> _Your goal_
The records that follow should be returned exactly, pictures excluded.

▬▬▬▬▬▬

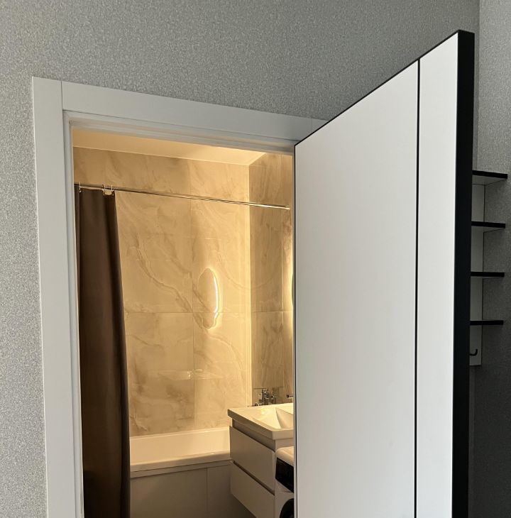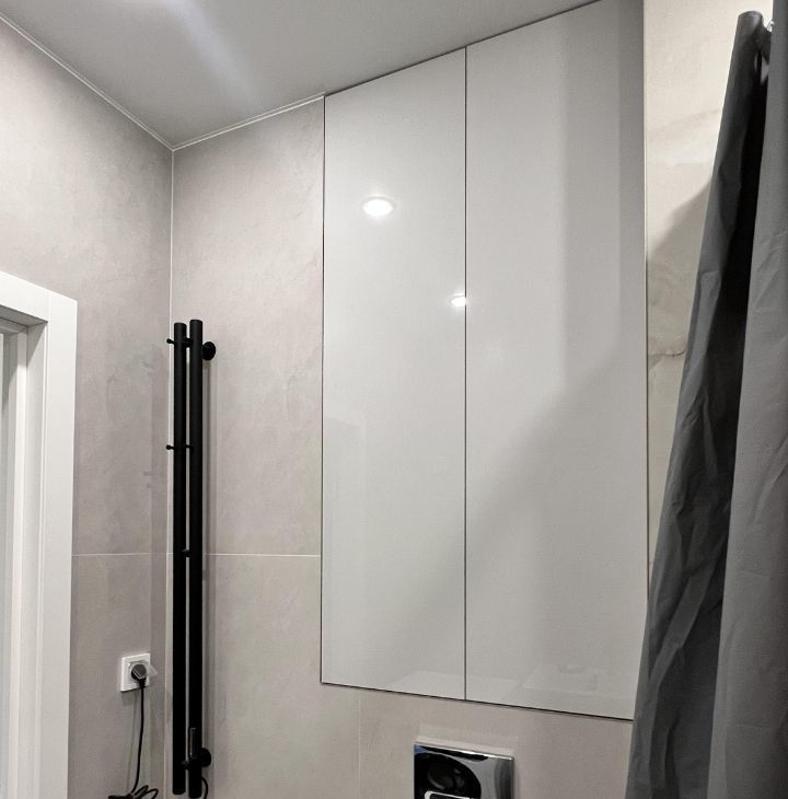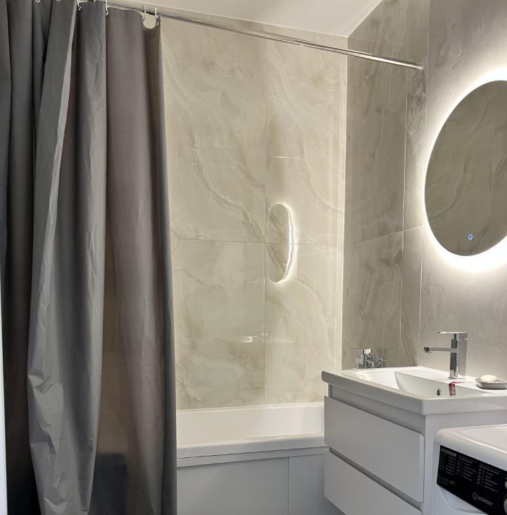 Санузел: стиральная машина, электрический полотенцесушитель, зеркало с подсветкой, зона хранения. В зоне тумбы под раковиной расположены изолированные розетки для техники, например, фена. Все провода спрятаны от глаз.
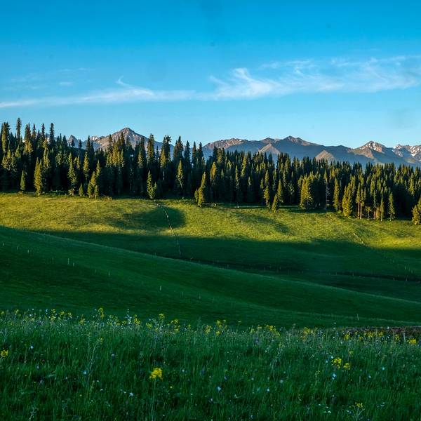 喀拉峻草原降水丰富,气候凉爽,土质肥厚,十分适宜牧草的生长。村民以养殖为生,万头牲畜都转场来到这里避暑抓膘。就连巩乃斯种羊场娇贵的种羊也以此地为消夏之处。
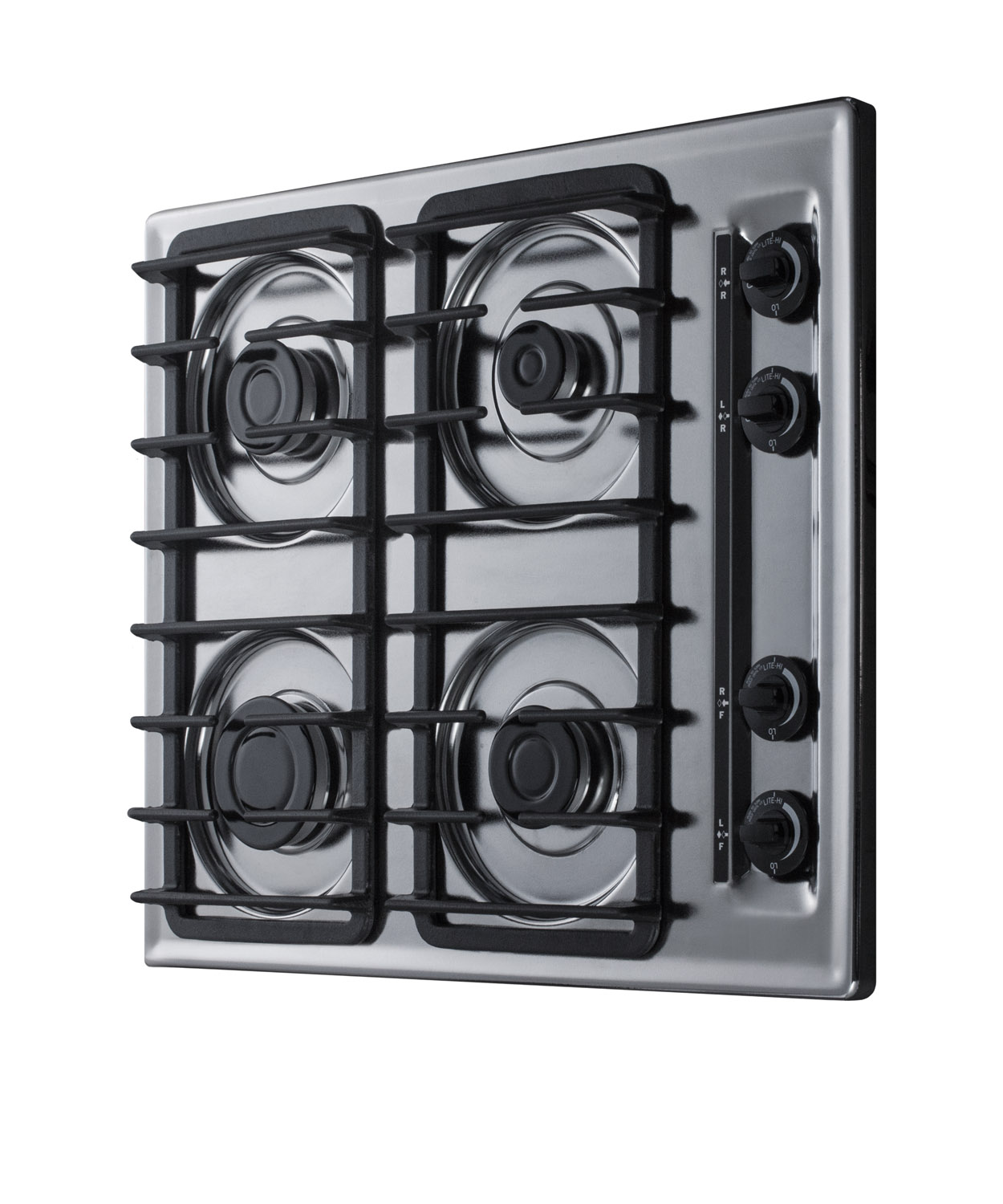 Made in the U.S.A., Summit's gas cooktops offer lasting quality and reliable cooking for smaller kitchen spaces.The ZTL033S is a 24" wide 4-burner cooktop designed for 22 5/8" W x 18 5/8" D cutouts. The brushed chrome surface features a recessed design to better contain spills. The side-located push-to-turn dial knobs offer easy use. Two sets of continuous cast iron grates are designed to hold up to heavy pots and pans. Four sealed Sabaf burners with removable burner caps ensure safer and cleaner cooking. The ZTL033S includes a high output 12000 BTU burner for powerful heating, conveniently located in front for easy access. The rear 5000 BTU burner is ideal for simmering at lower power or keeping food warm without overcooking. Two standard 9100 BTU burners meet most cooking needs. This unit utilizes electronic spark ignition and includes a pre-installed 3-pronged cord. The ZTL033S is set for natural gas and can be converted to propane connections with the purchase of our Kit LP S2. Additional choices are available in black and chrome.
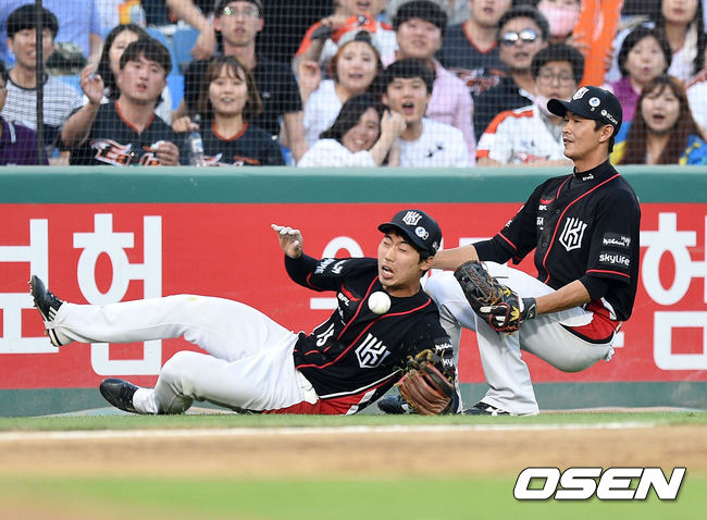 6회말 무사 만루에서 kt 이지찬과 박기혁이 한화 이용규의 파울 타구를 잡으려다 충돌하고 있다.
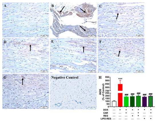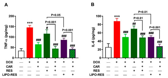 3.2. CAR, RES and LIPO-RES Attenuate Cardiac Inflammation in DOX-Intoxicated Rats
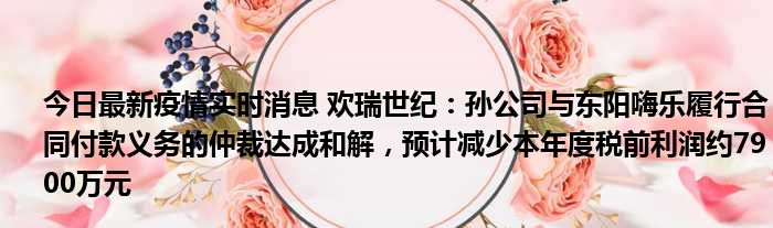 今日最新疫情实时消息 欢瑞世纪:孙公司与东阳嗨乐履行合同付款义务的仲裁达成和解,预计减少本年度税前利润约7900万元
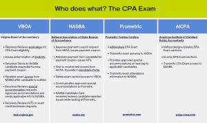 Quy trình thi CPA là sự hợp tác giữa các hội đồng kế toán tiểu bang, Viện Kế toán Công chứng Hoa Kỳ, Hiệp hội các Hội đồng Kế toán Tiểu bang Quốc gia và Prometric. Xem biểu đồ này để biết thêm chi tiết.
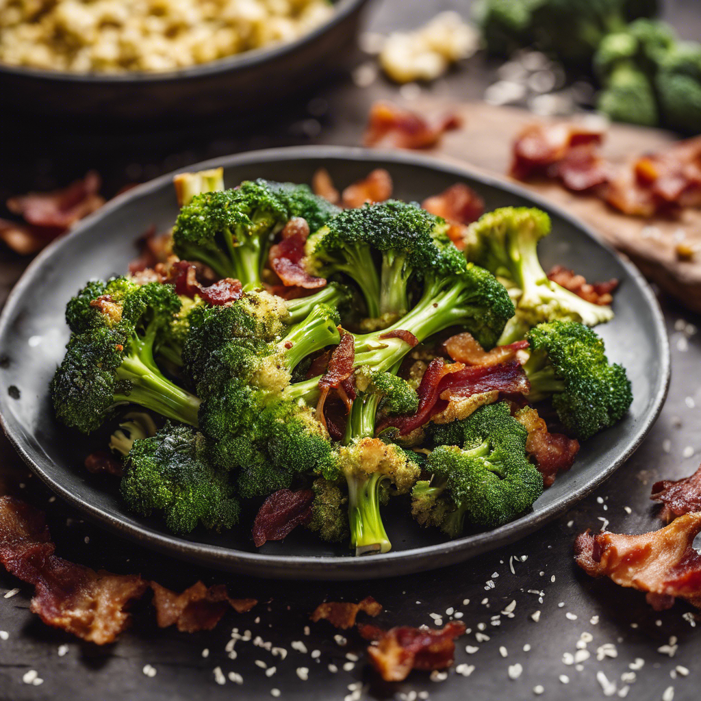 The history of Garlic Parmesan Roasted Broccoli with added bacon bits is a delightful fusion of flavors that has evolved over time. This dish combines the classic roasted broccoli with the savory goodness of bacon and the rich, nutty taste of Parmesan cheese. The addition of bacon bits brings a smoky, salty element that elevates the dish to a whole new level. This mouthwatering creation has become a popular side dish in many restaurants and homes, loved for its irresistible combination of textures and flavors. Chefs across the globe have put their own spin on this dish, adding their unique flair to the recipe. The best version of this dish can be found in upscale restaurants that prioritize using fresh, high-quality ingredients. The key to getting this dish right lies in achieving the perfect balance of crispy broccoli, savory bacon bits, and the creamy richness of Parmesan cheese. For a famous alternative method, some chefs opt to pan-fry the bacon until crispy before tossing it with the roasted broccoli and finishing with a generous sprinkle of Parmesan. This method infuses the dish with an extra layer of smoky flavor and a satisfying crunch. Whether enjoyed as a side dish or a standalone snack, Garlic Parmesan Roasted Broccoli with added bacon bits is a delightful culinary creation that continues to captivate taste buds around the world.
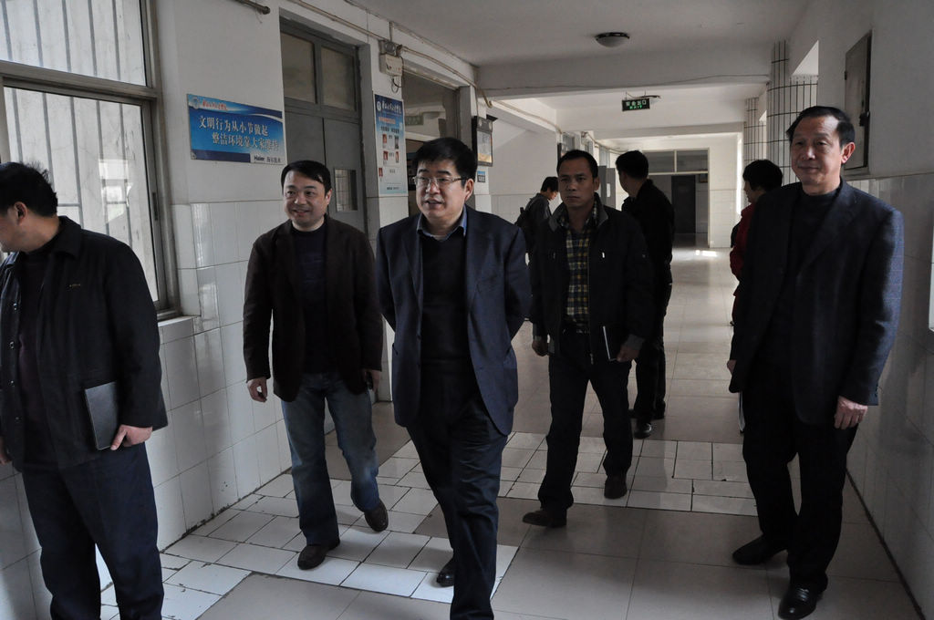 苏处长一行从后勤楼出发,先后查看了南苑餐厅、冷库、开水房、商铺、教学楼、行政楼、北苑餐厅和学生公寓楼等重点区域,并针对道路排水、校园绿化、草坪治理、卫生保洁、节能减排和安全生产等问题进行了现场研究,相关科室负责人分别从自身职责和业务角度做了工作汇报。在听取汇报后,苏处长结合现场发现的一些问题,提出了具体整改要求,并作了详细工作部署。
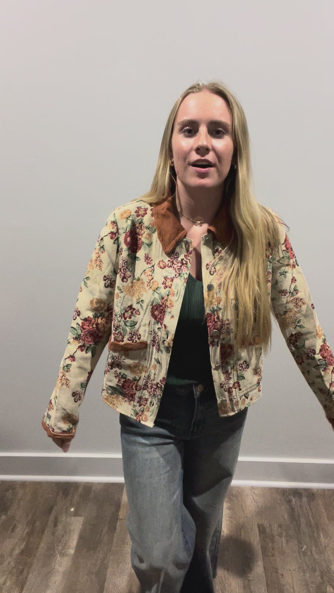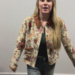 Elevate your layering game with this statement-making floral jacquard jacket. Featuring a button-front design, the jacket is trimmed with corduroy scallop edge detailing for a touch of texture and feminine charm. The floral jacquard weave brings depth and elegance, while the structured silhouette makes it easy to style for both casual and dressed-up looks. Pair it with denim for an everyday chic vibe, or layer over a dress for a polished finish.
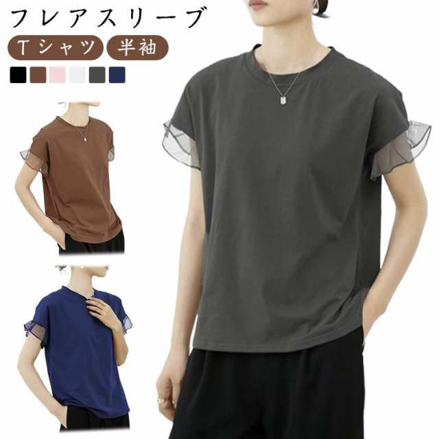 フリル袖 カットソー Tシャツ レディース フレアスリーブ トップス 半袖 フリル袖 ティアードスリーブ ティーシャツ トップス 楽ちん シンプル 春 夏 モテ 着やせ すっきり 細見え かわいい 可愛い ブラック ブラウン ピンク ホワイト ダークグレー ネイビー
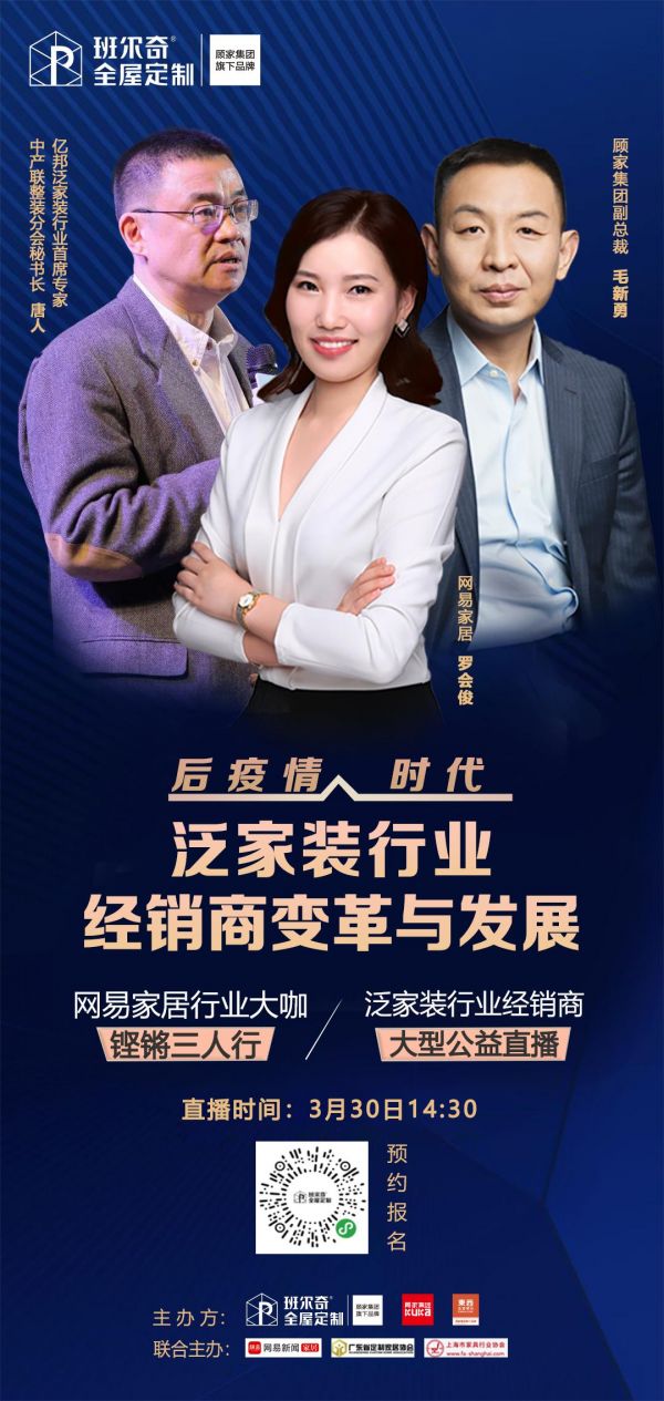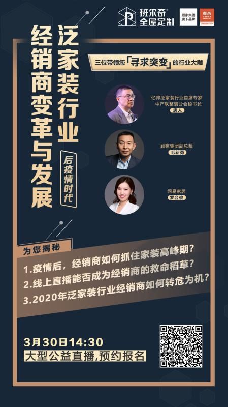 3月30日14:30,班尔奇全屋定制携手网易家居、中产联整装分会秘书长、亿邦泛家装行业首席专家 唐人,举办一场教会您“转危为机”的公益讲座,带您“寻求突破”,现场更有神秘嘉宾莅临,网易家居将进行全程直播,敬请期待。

▬▬▬▬▬▬

> _Answer to this problem_
 Санузел: стиральная машина, электрический полотенцесушитель, зеркало с подсветкой, зона хранения. В зоне тумбы под раковиной расположены изолированные розетки для техники, например, фена. Все провода спрятаны от глаз.
 喀拉峻草原降水丰富,气候凉爽,土质肥厚,十分适宜牧草的生长。村民以养殖为生,万头牲畜都转场来到这里避暑抓膘。就连巩乃斯种羊场娇贵的种羊也以此地为消夏之处。
 Made in the U.S.A., Summit's gas cooktops offer lasting quality and reliable cooking for smaller kitchen spaces.The ZTL033S is a 24" wide 4-burner cooktop designed for 22 5/8" W x 18 5/8" D cutouts. The brushed chrome surface features a recessed design to better contain spills. The side-located push-to-turn dial knobs offer easy use. Two sets of continuous cast iron grates are designed to hold up to heavy pots and pans. Four sealed Sabaf burners with removable burner caps ensure safer and cleaner cooking. The ZTL033S includes a high output 12000 BTU burner for powerful heating, conveniently located in front for easy access. The rear 5000 BTU burner is ideal for simmering at lower power or keeping food warm without overcooking. Two standard 9100 BTU burners meet most cooking needs. This unit utilizes electronic spark ignition and includes a pre-installed 3-pronged cord. The ZTL033S is set for natural gas and can be converted to propane connections with the purchase of our Kit LP S2. Additional choices are available in black and chrome.
 6회말 무사 만루에서 kt 이지찬과 박기혁이 한화 이용규의 파울 타구를 잡으려다 충돌하고 있다.
 3.2. CAR, RES and LIPO-RES Attenuate Cardiac Inflammation in DOX-Intoxicated Rats
 今日最新疫情实时消息 欢瑞世纪:孙公司与东阳嗨乐履行合同付款义务的仲裁达成和解,预计减少本年度税前利润约7900万元
 Quy trình thi CPA là sự hợp tác giữa các hội đồng kế toán tiểu bang, Viện Kế toán Công chứng Hoa Kỳ, Hiệp hội các Hội đồng Kế toán Tiểu bang Quốc gia và Prometric. Xem biểu đồ này để biết thêm chi tiết.
 The history of Garlic Parmesan Roasted Broccoli with added bacon bits is a delightful fusion of flavors that has evolved over time. This dish combines the classic roasted broccoli with the savory goodness of bacon and the rich, nutty taste of Parmesan cheese. The addition of bacon bits brings a smoky, salty element that elevates the dish to a whole new level. This mouthwatering creation has become a popular side dish in many restaurants and homes, loved for its irresistible combination of textures and flavors. Chefs across the globe have put their own spin on this dish, adding their unique flair to the recipe. The best version of this dish can be found in upscale restaurants that prioritize using fresh, high-quality ingredients. The key to getting this dish right lies in achieving the perfect balance of crispy broccoli, savory bacon bits, and the creamy richness of Parmesan cheese. For a famous alternative method, some chefs opt to pan-fry the bacon until crispy before tossing it with the roasted broccoli and finishing with a generous sprinkle of Parmesan. This method infuses the dish with an extra layer of smoky flavor and a satisfying crunch. Whether enjoyed as a side dish or a standalone snack, Garlic Parmesan Roasted Broccoli with added bacon bits is a delightful culinary creation that continues to captivate taste buds around the world.
 苏处长一行从后勤楼出发,先后查看了南苑餐厅、冷库、开水房、商铺、教学楼、行政楼、北苑餐厅和学生公寓楼等重点区域,并针对道路排水、校园绿化、草坪治理、卫生保洁、节能减排和安全生产等问题进行了现场研究,相关科室负责人分别从自身职责和业务角度做了工作汇报。在听取汇报后,苏处长结合现场发现的一些问题,提出了具体整改要求,并作了详细工作部署。
 Elevate your layering game with this statement-making floral jacquard jacket. Featuring a button-front design, the jacket is trimmed with corduroy scallop edge detailing for a touch of texture and feminine charm. The floral jacquard weave brings depth and elegance, while the structured silhouette makes it easy to style for both casual and dressed-up looks. Pair it with denim for an everyday chic vibe, or layer over a dress for a polished finish.
 フリル袖 カットソー Tシャツ レディース フレアスリーブ トップス 半袖 フリル袖 ティアードスリーブ ティーシャツ トップス 楽ちん シンプル 春 夏 モテ 着やせ すっきり 細見え かわいい 可愛い ブラック ブラウン ピンク ホワイト ダークグレー ネイビー
 3月30日14:30,班尔奇全屋定制携手网易家居、中产联整装分会秘书长、亿邦泛家装行业首席专家 唐人,举办一场教会您“转危为机”的公益讲座,带您“寻求突破”,现场更有神秘嘉宾莅临,网易家居将进行全程直播,敬请期待。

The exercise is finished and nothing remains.